TODO TODO lo subi al foro...esperando que a alguien le sea util 

lordphrases yo uso papa proteus para simular solo para simular
los pcbs los hice en DIP-TRACE como tambien diseñe los mismos esquemas bueno el 99% igual al diagrama del proteus en DIP-TRACE

ahi estan todos los archivos

dices problemas en la logica para detectar la dirección??
el FF es el que detecta la dirección


----------



## lordphrases (Mar 1, 2012)

BKAR dijo:


> BIENVENIDO AL FORO!!
> 
> dices problemas en la logica para detectar la dirección??
> el FF es el que detecta la dirección



Gracias, eso ya quedo superado, ahora tengo que hacer algo sobre un Conversor Analogico digital con un LM35 y ADC0804 con salida en binario y con un rango de 0 a 100.

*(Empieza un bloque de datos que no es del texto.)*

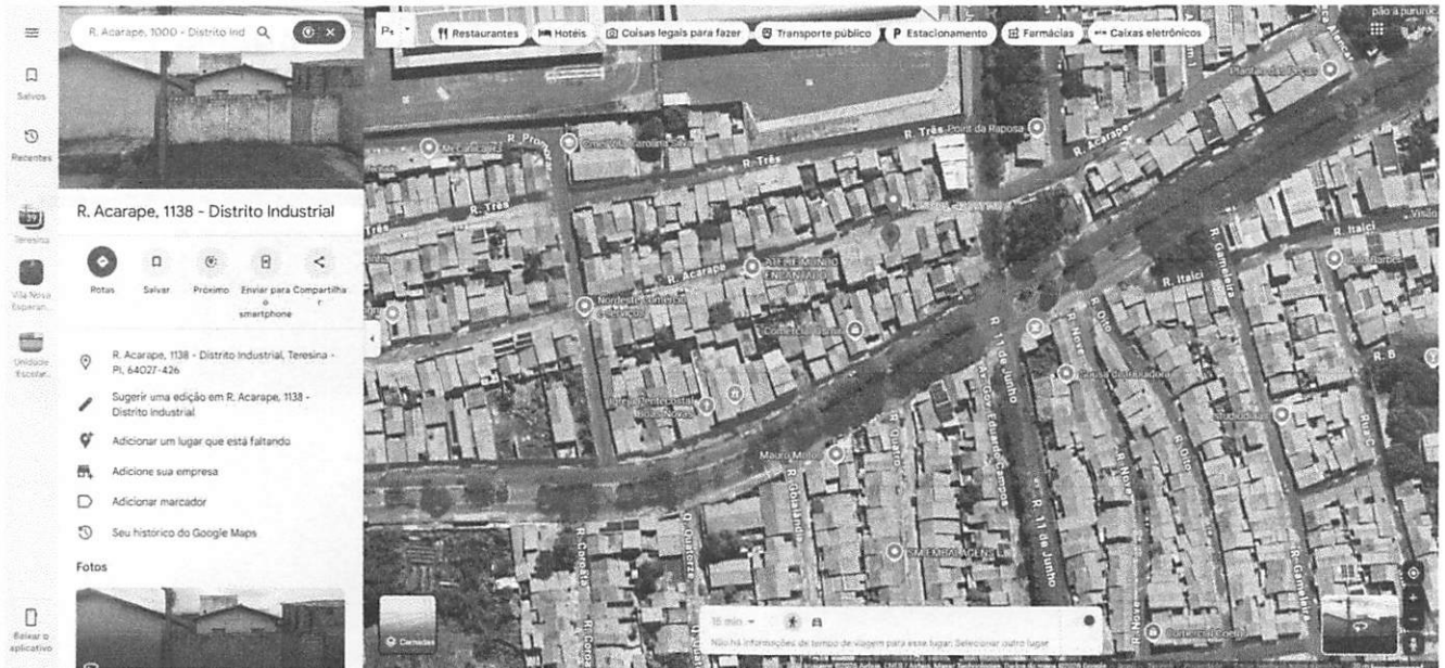
Figura 1: Mapa de localização da rua Acarape, número 1000 - 1168, bairro Distrito Industrial, CEP 64027-426.

PALÁCIO SENADOR CHAGAS RODRIGUES CÂMARA MUNICIPAL DE TERESINA Av. Marechal Castelo Branco, 625 - Cabral CEP: 64000-810 • Teresina/PI Telefone: (86) 3200-0350

No va aqui en este tema, lo sé.

Tendras alguna idea?


----------



## BKAR (Mar 1, 2012)

basta con escribir "LM35 y ADC0804" en el buscador o en papá google, y hay cantidad de informacion...
como se relaciona con el scroll??


----------



## lordphrases (May 19, 2012)

BKAR dijo:


> basta con escribir "LM35 y ADC0804" en el buscador o en papá google, y hay cantidad de informacion...
> como se relaciona con el scroll??



No tenia  mucha, pero igual ya lo hice y quedo funcionando. 
Gracias, para no desviar más el hilo.


----------